Бюлер называет способность человеческого языка описывать возможные или действительные положения дел "дескриптивной (репрезентативной) функцией (Darstellungsfunktion)" человеческого языка. И он справедливо подчеркивает ее величайшее значение. Бюлер показывает, что язык никогда не теряет своей экспрессивной функции. Даже в описании, максимально лишенном эмоций, что-то от нее остается. Точно так же язык никогда не теряет своей сигнальной или коммуникативной функции. Даже неинтересное (и неверное) математическое равенство, такое, например, как 105 = 1000000, может спровоцировать у математика желание его поправить, то есть вызвать у него реакцию и даже гневную реакцию.

Вместе с тем ни выразительность, ни знаковый характер — способность языковых выражений служить сигналами, вызывающими реакцию — не являются специфическими для человеческого языка; не специфично для него и то, что он служит для коммуникации некоторому сообществу организмов. Специфичен для человеческого языка его дескриптивный характер. И это есть нечто новое и поистине революционное: человеческий язык может передавать информацию о положении дел, о ситуации, которая может иметь место, а может и не иметь места или быть либо не быть биологически релевантной. Она может даже не существовать.

Простым и в высшей степени важным вкладом Бюлера пренебрегают почти все лингвисты. Они до сих пор рассуждают так, как если бы сущность человеческого языка составляло самовыражение, или как если бы такие слова как "коммуникация", "знаковый язык" или "символический язык" в достаточной мере характеризовали человеческий язык. (Но ведь знаки и символы используются и другими животными.)

Бюлер, конечно, никогда не утверждал, что у человеческого языка нет никаких других функций, кроме описанных им: язык можно использовать для того, чтобы просить, умолять, уговаривать. Его можно использовать для приказов или для советов. Его можно использовать, чтобы оскорблять людей, причинять им боль, пугать их. И его можно использовать, чтобы утешать людей, чтобы дать им почувствовать себя спокойно, почувствовать, что их любят. Однако на уровне человека основой всех этих употреблений языка может быть только дескриптивный язык.

6. Как развилась дескриптивная функция языка?

Легко увидеть, как развилась сигнальная функция языка после того, как у него появилась экспрессивная функция. Очень трудно, однако, понять, как из сигнальной функции могла развиться дескриптивная. Вместе с тем надо признать, что сигнальная функция может быть похожей на дескриптивную. Один характерный тревожный крик гуся может означать "ястреб!", а другой — "лиса!", а это во многих отношениях очень близко к дескриптивному высказыванию "Ястреб летит! Прячьтесь!" или "Взлетайте! Подбирается лиса!". Однако есть большие различия между этими описательными тревожными криками и дескриптивным языком человека. Из-за этих различий трудно поверить, что дескриптивные человеческие языки развились из тревожных криков и других сигналов, таких как боевой клич.

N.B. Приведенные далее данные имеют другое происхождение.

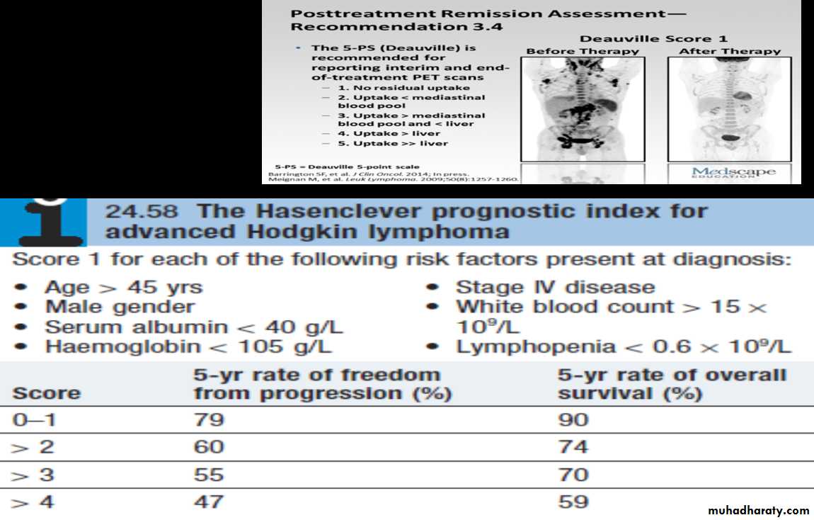 * Treatment response is assessed clinically and by repeat CT and newer (scanning modalities such as positron emission tomography (PET
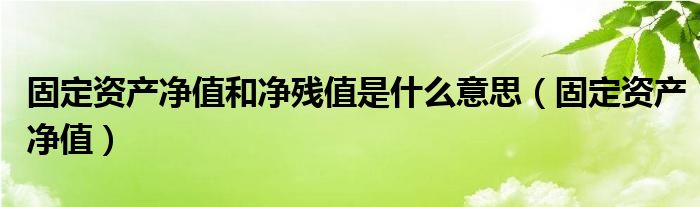关于固定资产净值和净残值是什么意思,固定资产净值这个很多人还不知道,今天菲菲来为大家解答以上的问题,现在让我们一起来看看吧!
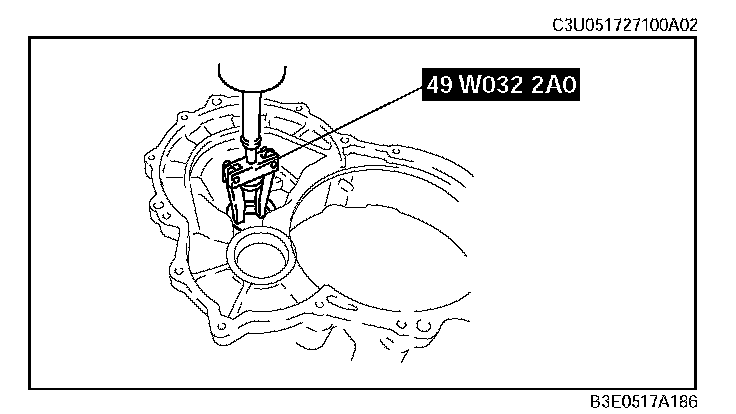 1. Remove the bearing race and adjustment shim from the converter housing using the SST.
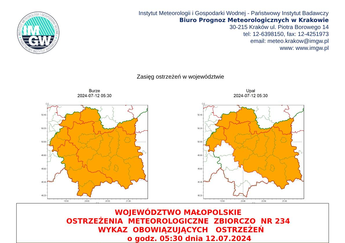 WOJEWÓDZTWO MAŁOPOLSKIE OSTRZEŻENIA METEOROLOGICZNE
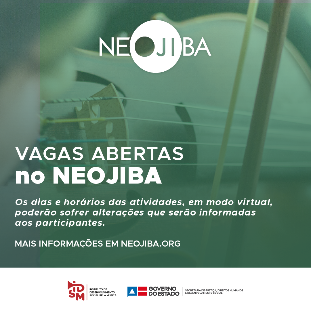 As pré-inscrições serão feitas apenas pela internet para os Núcleos de Prática Musical (NPM) e para os Núcleos Territoriais do NEOJIBA(NTN).

Следует также признать, что язык танцев у пчел во многом похож на дескриптивное употребление языка человеком. Своим танцем пчелы могут передавать информацию о направлении и расстоянии от улья до того места, где можно найти пищу, и о характере этой пищи.

Вместе с тем есть одно в высшей степени важное различие между биологическими ситуациями языка пчел и человеческого языка: дескриптивная информация, передаваемая танцующей пчелой, составляет часть сигнала, адресованного остальным пчелам; ее основная функция — побудить остальных пчел к действию, полезному здесь и сейчас; передаваемая информация тесно связана с текущей биологической ситуацией.

В противоположность этому информация, передаваемая человеческим языком, может и не быть полезной именно в данный момент. Она может вообще не быть полезной или стать полезной лишь через много лет и совсем в другой ситуации.

В использовании человеческого языка есть также возможный элемент игры, который делает его столь отличным от боевых кличей, или криков при спаривании, или языка пчел. Можно объяснить естественным отбором ситуацию, когда система боевых кличей становится богаче, более дифференцированной, но в этом случае следует ожидать, что она станет и более жесткой. Однако человеческий язык, по-видимому, развивался путем, сочетавшим большое возрастание дифференциации с еще большим увеличением числа степеней свободы (которые можно понимать здесь как в обыденном, так и в математическом или физическом смысле).

Все это станет ясным, если мы посмотрим на один из древнейших способов употребления человеческого языка: рассказывание историй и изобретение религиозных мифов. Оба эти употребления, несомненно, имеют серьезные биологические функции. Однако эти функции достаточно далеки от ситуационной неотложности и жесткости боевых кличей.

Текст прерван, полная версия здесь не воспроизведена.